Rushing into Rachmaninoff
Strap in for his Piano Concerto No. 2.
The other week, I bought a bonus set of tickets to see the symphony live, specifically so I could see Tchaikovsky’s Fifth Symphony. I won’t be relitigating that piece of music; please assume it is still tremendous, because it is. To commute from my apartment to the symphony center in Chicago is a straight path south a few miles, and I can usually do it via bus. It takes about half an hour. What I had neglected to remember, however, because this was earlier in the month, was that a very specific and obnoxious event was happening right in the middle of my commute to the symphony, and that … was ZOO LIGHTS.
What is Zoo Lights, you might be asking, as a non-Chicago native? Great question. It’s when Lincoln Park Zoo, a free zoo, in the middle of the city, in the middle of my route to the symphony, puts up all of their holiday lights. And you have to believe that every single family of five decided to go to Zoo Lights and cross the path in front of my bus on my route to the symphony. And you have to believe that a route that usually takes me about half an hour took an hour and fifteen minutes. I am a person who is never late for anything in their life, and I was late to the symphony. I nearly had a meltdown—even though the Tchaikovsky wouldn’t be until the second act—and sprinted the last four blocks just so I could get off the bus. I wound up missing a Wagner overture (lol—I’ll get back to it one day), and I sat down, huffing and puffing, coat still on, just in time for Rachmaninoff’s Piano Concerto No. 2.
I haven’t written about Rachmaninoff for this column yet, so I believe a bit of backstory will help. Sergei Rachmaninoff was a Russian Romantic composer, born in 1873 and dying in 1943. This puts him right after Tchaikovsky and Rimsky-Korsakov, but right before Prokofiev. His music is lofty, emotional, and yes, romantic (lowercase r). He broke big onto the classical music scene with his First Symphony, but quickly fell into a deep depression and began drinking heavily, the pressures to live up to high standards bearing down on him. It was following an arduous path to recovery that Rachmaninoff composed his second piano concerto. I really had no idea what to expect, and you know, I’ve been floored by a piano concerto before, but this one truly stunned me, neurons firing on all different levels, simultaneously settling my nerves of having arrived late but also getting me all worked up all over again. It was a full ride, and I haven’t stopped listening to it since.
Piano Concerto No. 2 (Bernstein, always) begins with the soloist playing a heavy and serious melody closely followed by the strings. It’s no doubt immediately intriguing but it does take some time to establish itself, which is part of what I love about it. Rachmaninoff teaches you how to understand the story of the concerto. Conflict does, however, emerge between the piano and the orchestra, an intense back and forth around the 4:30 mark. Can I tell you at what point I truly fell for this piano concerto? It’s coming up. For the first thirty seconds at the 6-minute mark, there’s a huge build. Was the piece about to end? Is this the climax? But then, right at the 6:33 mark, it all falls into this forceful melody, powerful and joyful, led by the piano. It blindsided me so completely, I was hooked.

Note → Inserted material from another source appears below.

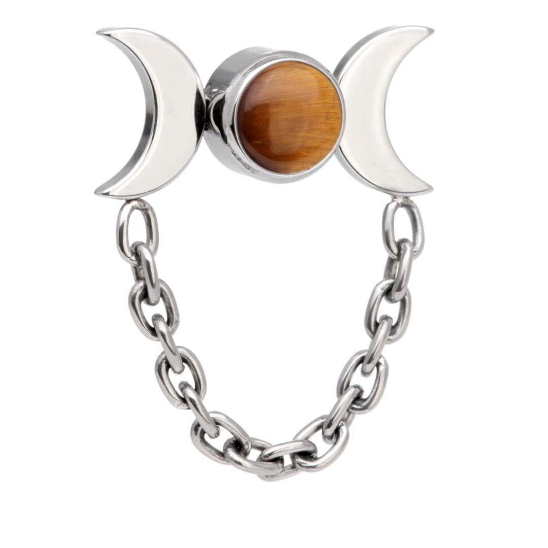 Ti Internal Tiger Eye Bezel with Double Moon Crescent Attachment Gauge: 1.2mm (0.9mm Gauge) Attachment Size: 3mm x 9.7mm Stone Colour: Tiger Eye Medical Grade Titanium 6Al-4VEli ASTM:F-136

The Adagio sostenuto (slowly, sustained) begins more as a thoughtful dialogue between the woodwinds—the flute, the clarinet—and the soloist. It’s almost played at a walking speed, an ambling speed. It’s slow, but it’s not too leisurely, and it’s not saccharine either. There is a tension beneath it all. Again, only ever having been a “fairly okay” pianist, I have to say this part feels hard. Every emotion in the world is squished into this concerto. When the melody around the 5:00 mark begins, it almost feels as if the piano has broken out from the orchestra to reclaim the narrative of its own right. It sets the tone, the pace. Of course, that’s how a concerto works, but you know what I mean. Emotionally. It pushes through, and it pulls the orchestra along with it. I felt immense whiplash around the 7:37 mark as the piano trickles back and forth beneath the languid strings. Rather than the strings buzzing beneath the soloist, roles are reversed, like the world’s been turned upside down. That’s what’s so incredible about this concerto: it’s impossible to grasp onto for an extended period.
The final movement, the Allegro scherzando, is a furiously interesting piece of music. If you thought the concerto was difficult to keep ahold of before, this is where it really goes off the rails in the most wonderful way. It’s hard for me not to think of Rachmaninoff shedding his depression and his addictions, even if only temporarily, in order to cobble together this concerto. It has all the dizzying nature of recovery and rebirth—a scattered energy that works so achingly to prove itself cohesive. That’s not to say the concerto isn’t cohesive; the more I listen to it the more it becomes a whole instead of favorite parts. But still. In the final few moments of it, I felt such a glorious rush. My face got hot, I was sweating, I realized I never took off my coat.